> **About this exercise**
Omit the images and output every line of the data below exactly.

> **Raw data**
_ _ _ _
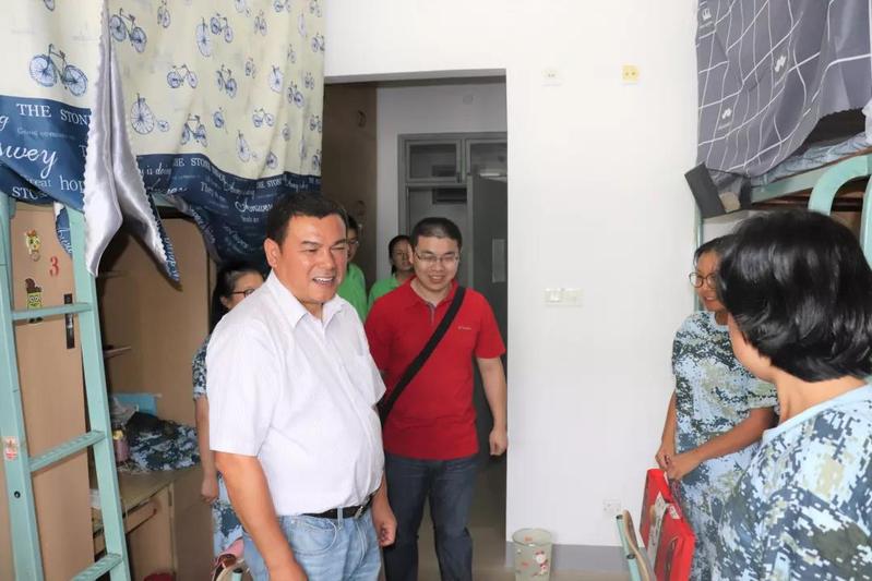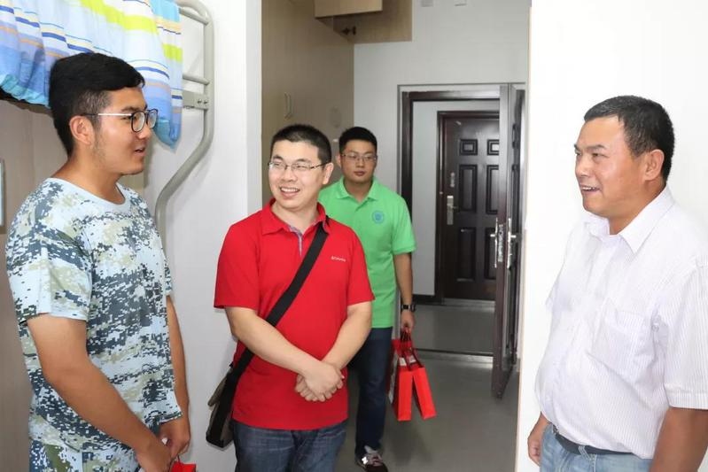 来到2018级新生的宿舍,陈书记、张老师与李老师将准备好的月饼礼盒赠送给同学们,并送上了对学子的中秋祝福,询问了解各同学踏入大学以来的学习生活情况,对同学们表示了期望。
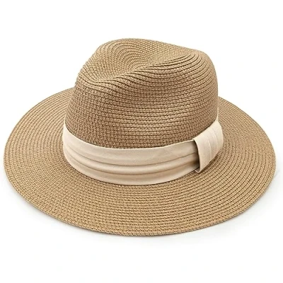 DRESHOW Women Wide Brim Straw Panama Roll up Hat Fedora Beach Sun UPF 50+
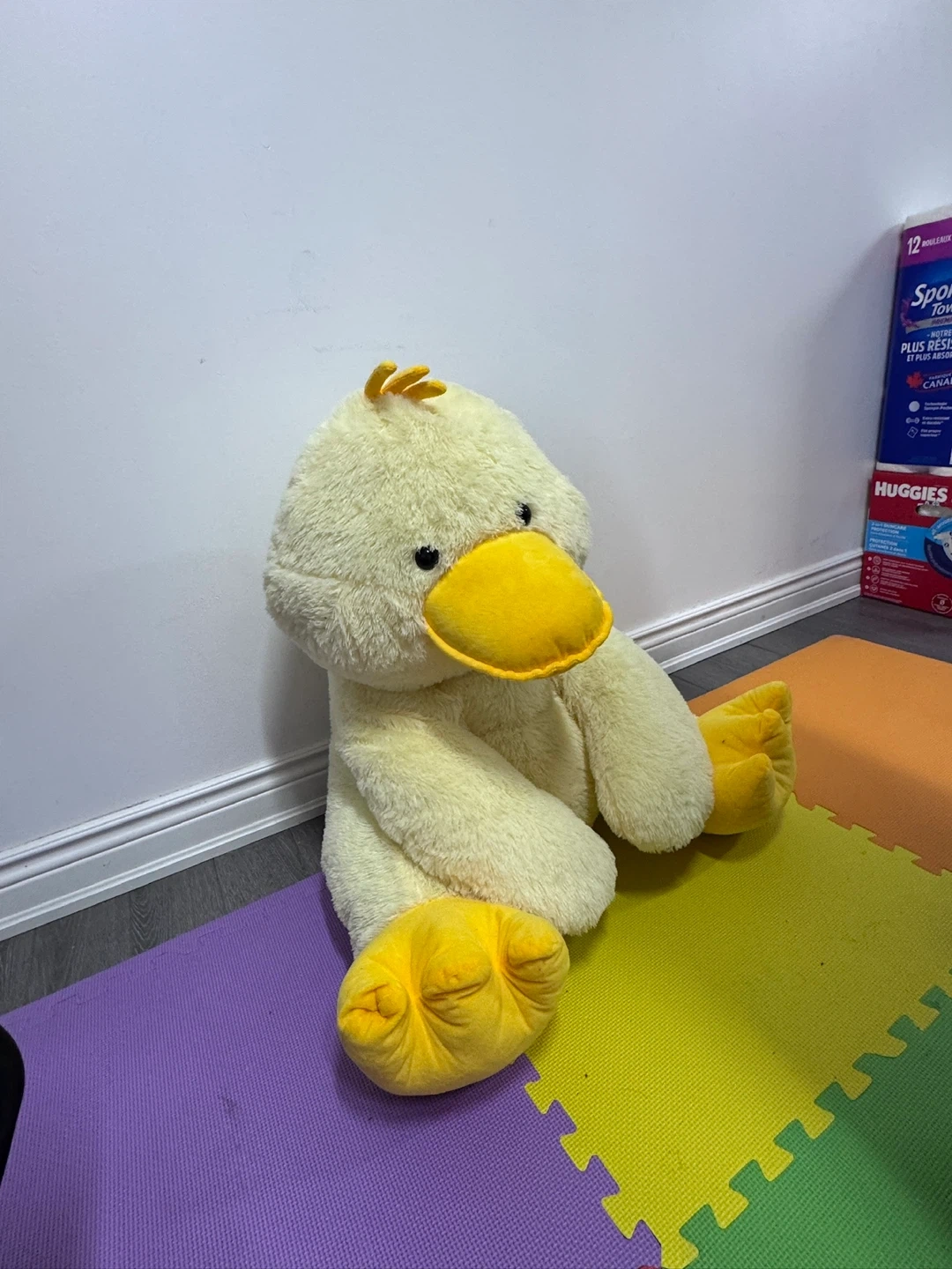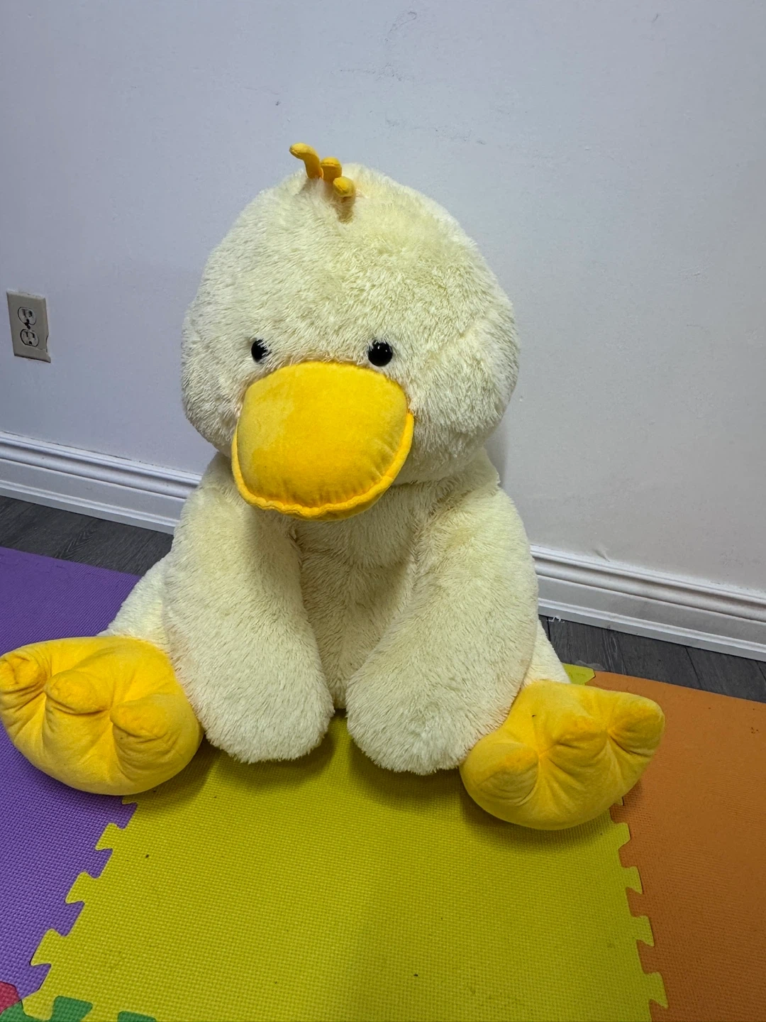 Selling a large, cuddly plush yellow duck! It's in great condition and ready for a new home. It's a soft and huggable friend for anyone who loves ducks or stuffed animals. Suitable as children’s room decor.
_ _ _ _
> **Answer box**
 来到2018级新生的宿舍,陈书记、张老师与李老师将准备好的月饼礼盒赠送给同学们,并送上了对学子的中秋祝福,询问了解各同学踏入大学以来的学习生活情况,对同学们表示了期望。
 DRESHOW Women Wide Brim Straw Panama Roll up Hat Fedora Beach Sun UPF 50+
 Selling a large, cuddly plush yellow duck! It's in great condition and ready for a new home. It's a soft and huggable friend for anyone who loves ducks or stuffed animals. Suitable as children’s room decor.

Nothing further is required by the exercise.